The Accidental Mouseketeer: Before and After the Mickey Mouse Club by Lonnie Burr
Lonnie Burr never wanted to be a Mouseketeer. When Disney offered him the ears, he turned them down. He was already an established child star, and he didn't want to take a chance on some oddball project involving "Mouseketeers". The next day Lonnie's mom got a call from Disney: "If you don't accept our offer, your son will never work in this town again." Lonnie took the offer. He became famous, his face on magazine covers, the idol of millions of fans, across the world. And then, in 1959, it was over.

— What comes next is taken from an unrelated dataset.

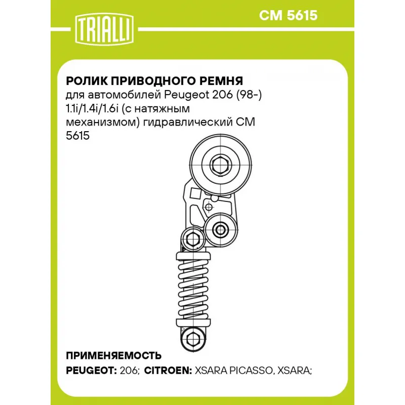 Ролик приводного ремня для автомобилей Peugeot 206 (98-) 1.1i/1.4i/1.6i (с натяжным механизмом) гидравлический Характеристики: Артикул: CM 5615 OEM номера: 5751.52 Сопутствующие товары:: CM 2004, CM 5412, CM 5837, CM 5512, CM 2002, CM 5083, CM 2005 Товарная линейка: BLACK Количество на автомобиль: 1 Гарантийный срок: 2 года/60 000 км. Материал: Комбинированный Комплектация: Ролик приводного ремня - 1 шт Гарантия: от 1 года.

What does a Mouseketeer do when the Clubhouse closes?
Lonnie Goes to Hollywood
Long before Walt Disney drafted Lonnie into the ranks of the original Mouseketeers, he was starring in films and television shows as a child actor. He appeared on The Colgate Comedy Hour, and had a recurring role on one of the first "sitcoms", The Ruggles, now lost except for a few episodes and clips. (Lonnie costarred on that show with Margaret Kerry, the live model for Tinker Bell.)
The Mickey Mouse Club changed everything. Lonnie and the other Mouseketeers became national stars. But behind the scenes, politics and jealousy and young hormones ruled the clubhouse, along with the growing realization that the fortune Disney made from the show and from merchandising its stars was not trickling down to the Mouseketeers themselves. When Disney took The Mickey Mouse Club off the air in 1959, none of the Mouseketeers except for Annette would ever achieve such fame again - but in Lonnie's case, his life had just begun, and what a life he led.

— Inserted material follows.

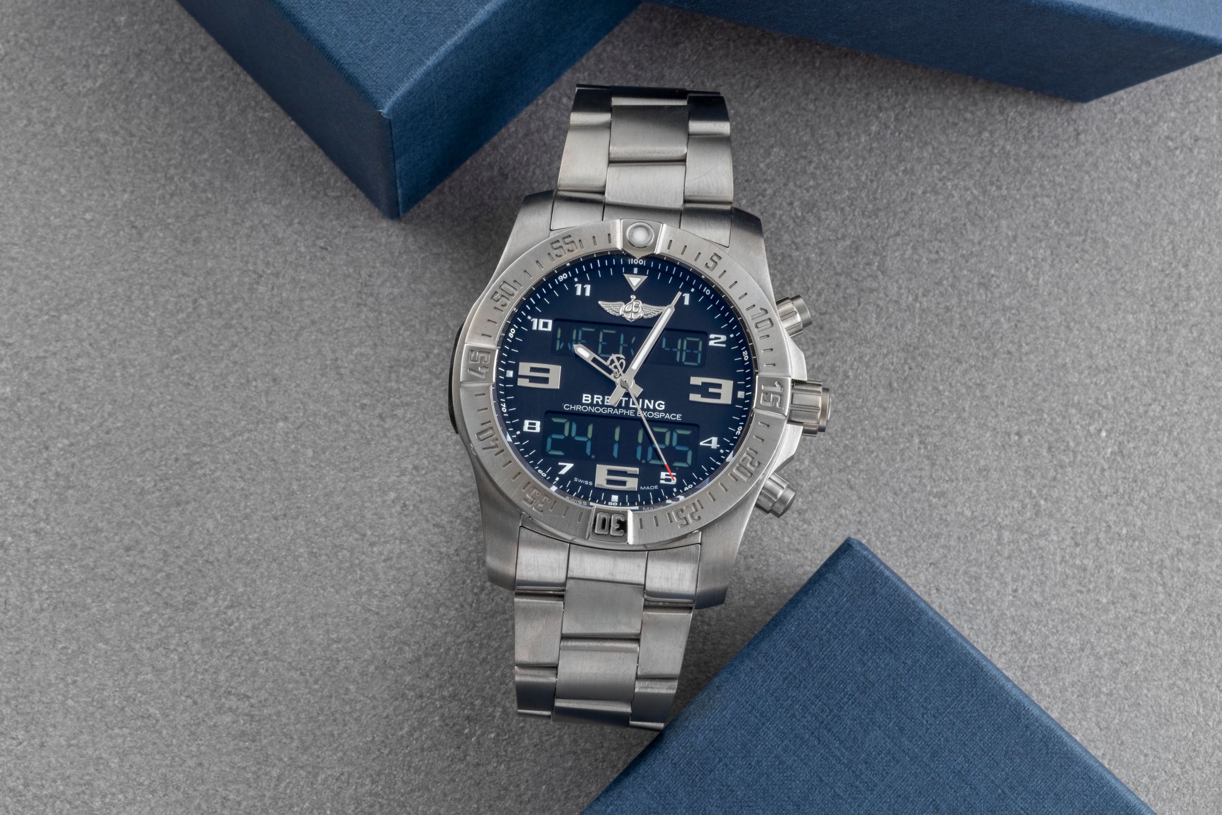 Alternative title: Breitling EB5510H1/BE79 B55 Exospace Titanium / Black / TwinPro Grey / Folding; Breitling Exospace B55 Connected Chronograph Titan Herrenuhr EB5510H1/BE79 B&P [2505980]

The Accidental Mouseketeer Moves On
With his ears off, Lonnie has scores of stories to tell about his film roles, his television and stage appearances, his sexual relationships, and topics ranging from existentialism to Disney choreography. He describes in uncompromising detail his appearances with other Mouseketeers at Disney events, and how those events never seemed to come off as planned.
Lonnie's stories include:
His sweet, 1950s romance with Annette Funicello
Backstage and on the road with other Mouseketeers
A cross-country publicity trip with Mickey Mouse on Amtrak
Shooting a film with Elvis - was the King cool?
Working with Steven Spielberg and David Merrick
Remembrances of Mouseketeers past (and passed on)
Plus over 100 exclusive photos!
The Accidental Mouseketeer is both tribute and tell-all. Lonnie was a Mouseketeer for only a short time, but he never really took off his ears, and behind all of his stories, behind all of the success he found on his own, there's still the little kid, singing and dancing in black-and-white, in front of a generation of Americans who wanted to be just like him.